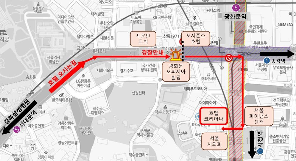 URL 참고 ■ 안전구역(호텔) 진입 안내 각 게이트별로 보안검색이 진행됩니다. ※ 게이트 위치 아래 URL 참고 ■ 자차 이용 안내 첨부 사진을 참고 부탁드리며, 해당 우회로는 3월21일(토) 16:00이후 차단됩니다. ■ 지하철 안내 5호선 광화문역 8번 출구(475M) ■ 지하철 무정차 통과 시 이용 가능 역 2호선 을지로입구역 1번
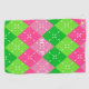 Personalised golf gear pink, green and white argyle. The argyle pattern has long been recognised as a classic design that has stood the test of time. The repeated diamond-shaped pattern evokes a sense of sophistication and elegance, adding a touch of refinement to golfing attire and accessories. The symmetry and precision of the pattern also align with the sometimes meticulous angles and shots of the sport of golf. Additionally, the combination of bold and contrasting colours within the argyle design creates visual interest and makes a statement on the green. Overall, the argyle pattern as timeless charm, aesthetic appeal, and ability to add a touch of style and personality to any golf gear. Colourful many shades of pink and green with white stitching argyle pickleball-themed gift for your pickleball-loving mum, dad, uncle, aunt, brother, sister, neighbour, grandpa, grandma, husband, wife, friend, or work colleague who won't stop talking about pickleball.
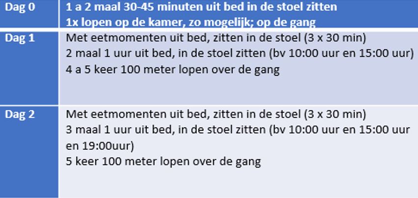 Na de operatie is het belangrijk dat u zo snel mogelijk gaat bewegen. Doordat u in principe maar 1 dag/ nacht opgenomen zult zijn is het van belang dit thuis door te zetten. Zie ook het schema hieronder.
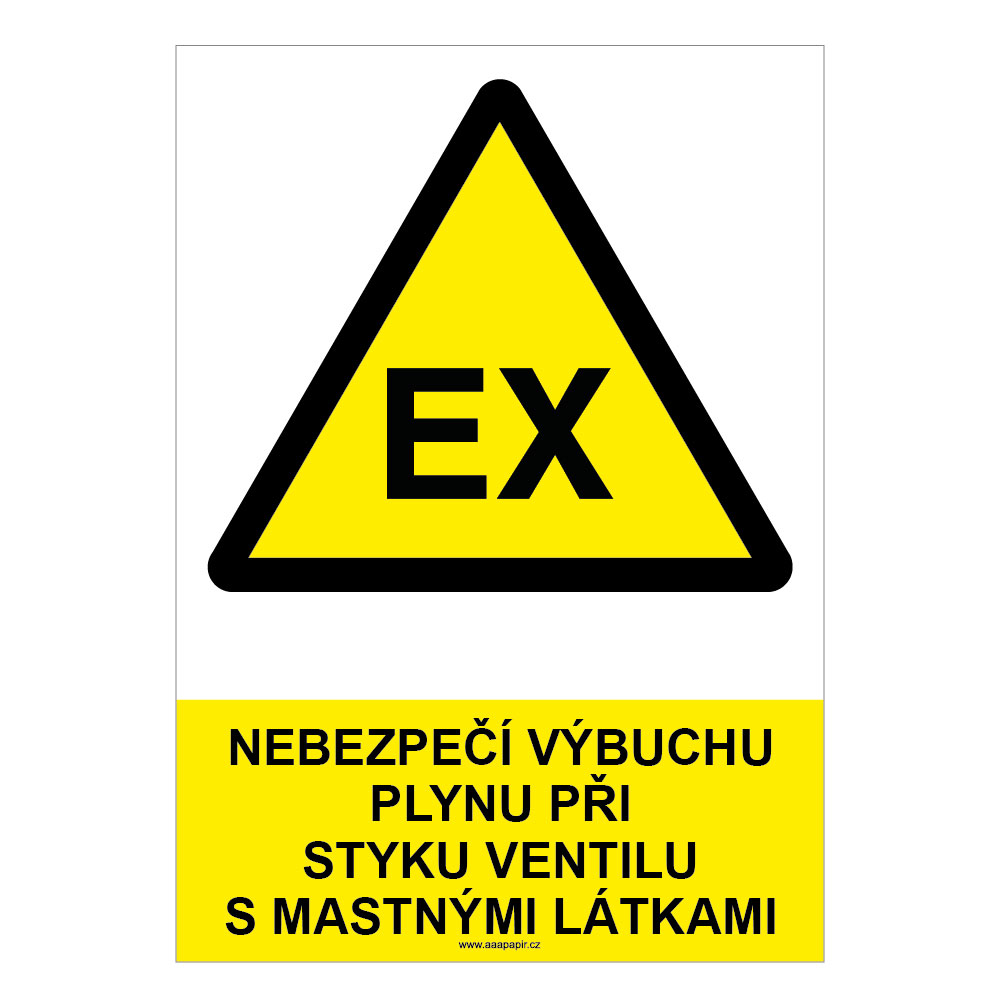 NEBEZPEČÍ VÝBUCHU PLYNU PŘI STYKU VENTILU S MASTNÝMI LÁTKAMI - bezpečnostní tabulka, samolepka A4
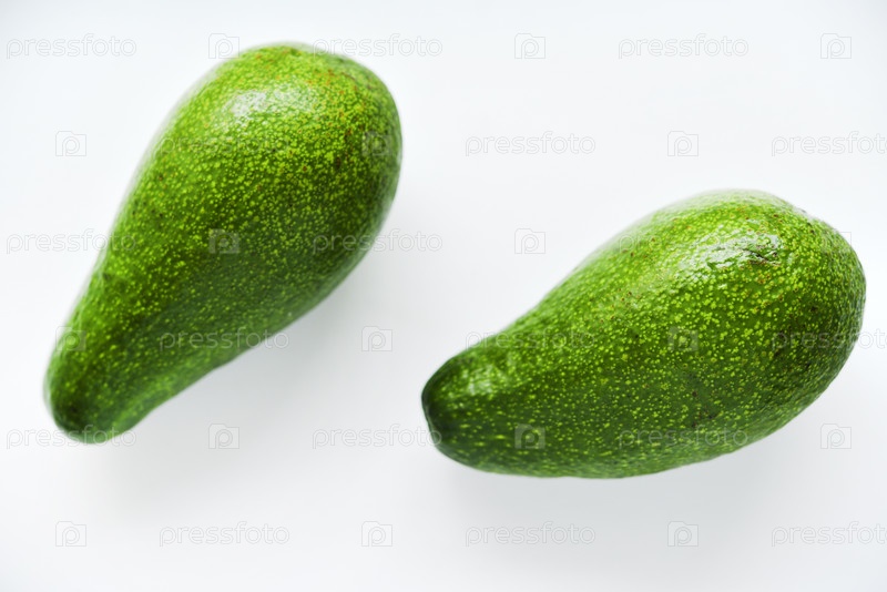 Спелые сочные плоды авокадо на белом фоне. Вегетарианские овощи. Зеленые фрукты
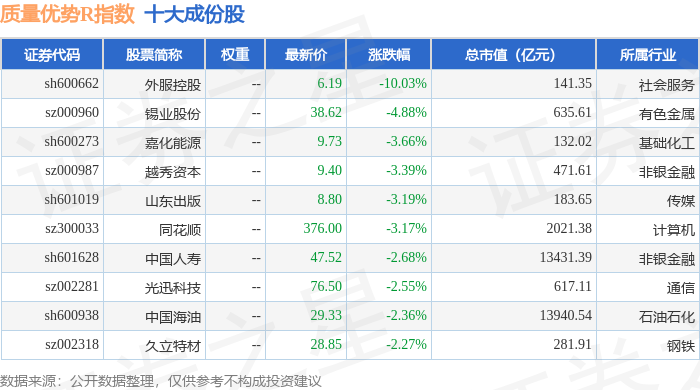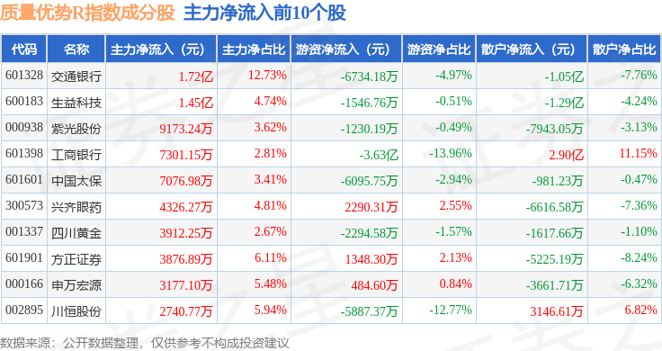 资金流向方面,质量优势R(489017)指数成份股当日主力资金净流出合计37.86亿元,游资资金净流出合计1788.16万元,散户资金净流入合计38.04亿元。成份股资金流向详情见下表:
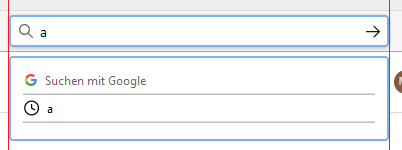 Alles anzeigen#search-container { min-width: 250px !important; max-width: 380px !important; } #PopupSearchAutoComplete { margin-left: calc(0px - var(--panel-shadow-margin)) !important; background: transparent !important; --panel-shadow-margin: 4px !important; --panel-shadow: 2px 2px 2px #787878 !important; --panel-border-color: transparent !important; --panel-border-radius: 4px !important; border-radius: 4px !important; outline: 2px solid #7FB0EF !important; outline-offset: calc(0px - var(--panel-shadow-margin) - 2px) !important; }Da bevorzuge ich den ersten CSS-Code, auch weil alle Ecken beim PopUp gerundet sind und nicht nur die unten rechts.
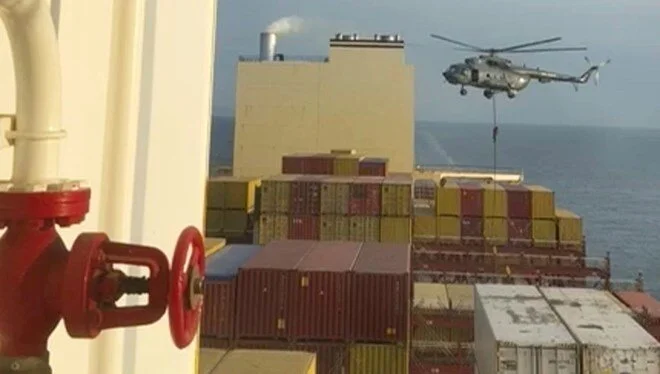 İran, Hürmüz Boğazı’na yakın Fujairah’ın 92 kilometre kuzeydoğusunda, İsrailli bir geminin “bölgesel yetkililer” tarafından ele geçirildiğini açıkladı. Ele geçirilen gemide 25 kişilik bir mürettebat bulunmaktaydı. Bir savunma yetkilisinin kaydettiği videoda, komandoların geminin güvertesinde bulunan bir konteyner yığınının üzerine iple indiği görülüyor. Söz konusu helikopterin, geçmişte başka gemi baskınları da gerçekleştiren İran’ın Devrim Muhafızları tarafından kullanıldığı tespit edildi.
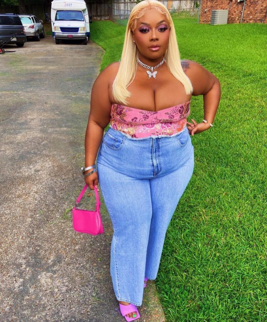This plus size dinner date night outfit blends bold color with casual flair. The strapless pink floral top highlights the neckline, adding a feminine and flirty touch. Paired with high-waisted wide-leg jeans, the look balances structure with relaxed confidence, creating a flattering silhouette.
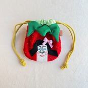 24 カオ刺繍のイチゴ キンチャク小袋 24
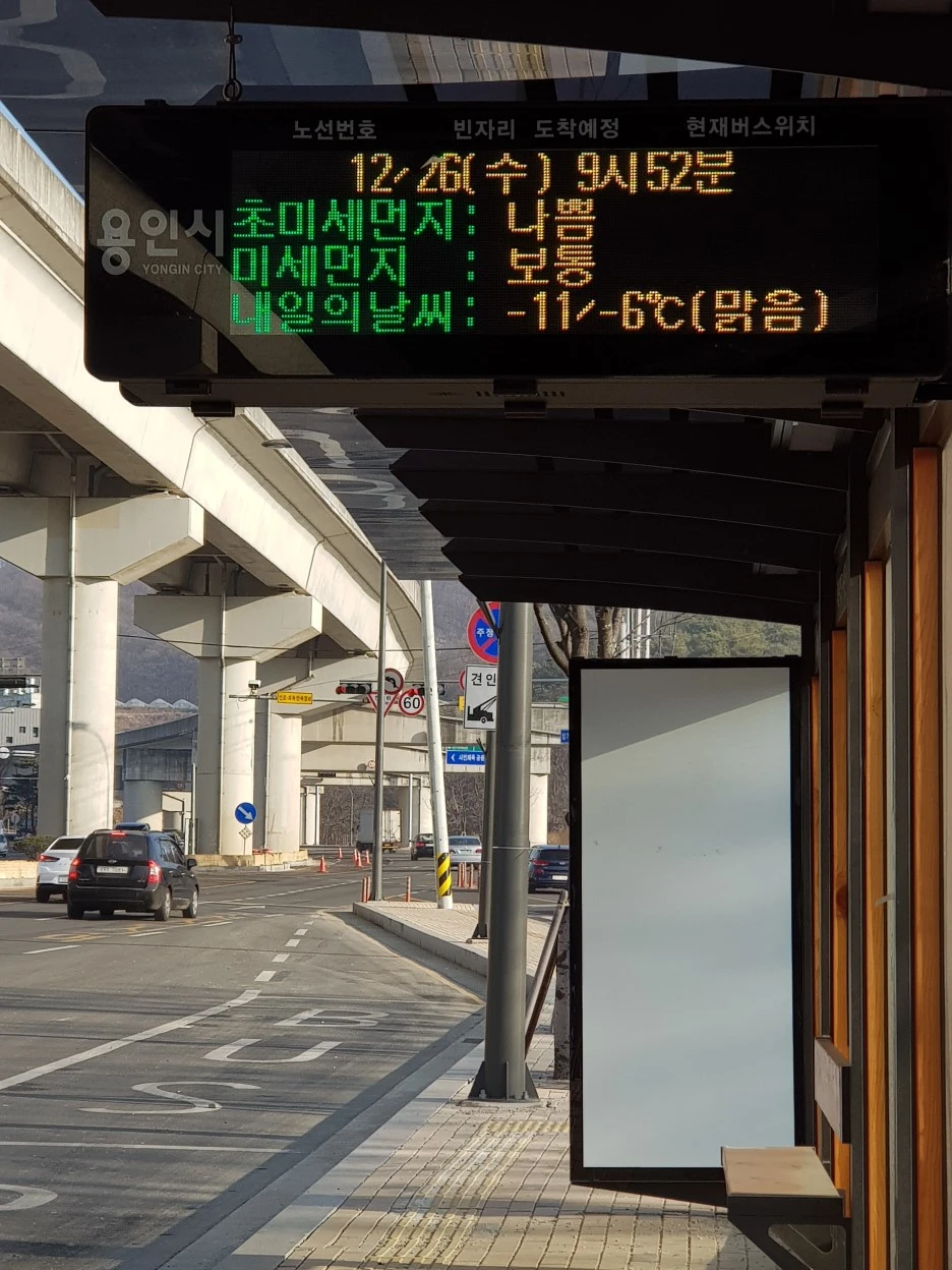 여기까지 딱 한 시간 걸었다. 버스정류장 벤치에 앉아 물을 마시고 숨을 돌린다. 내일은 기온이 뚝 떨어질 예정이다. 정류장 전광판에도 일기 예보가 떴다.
-------
**Brief**.
All lines above from the one containing "Спелые сочные плоды" up to and including the one containing "die unten rechts." are to be set down exactly, and nothing else. Leave images out.

**Your response**.
 Спелые сочные плоды авокадо на белом фоне. Вегетарианские овощи. Зеленые фрукты
 资金流向方面,质量优势R(489017)指数成份股当日主力资金净流出合计37.86亿元,游资资金净流出合计1788.16万元,散户资金净流入合计38.04亿元。成份股资金流向详情见下表:
 Alles anzeigen#search-container { min-width: 250px !important; max-width: 380px !important; } #PopupSearchAutoComplete { margin-left: calc(0px - var(--panel-shadow-margin)) !important; background: transparent !important; --panel-shadow-margin: 4px !important; --panel-shadow: 2px 2px 2px #787878 !important; --panel-border-color: transparent !important; --panel-border-radius: 4px !important; border-radius: 4px !important; outline: 2px solid #7FB0EF !important; outline-offset: calc(0px - var(--panel-shadow-margin) - 2px) !important; }Da bevorzuge ich den ersten CSS-Code, auch weil alle Ecken beim PopUp gerundet sind und nicht nur die unten rechts.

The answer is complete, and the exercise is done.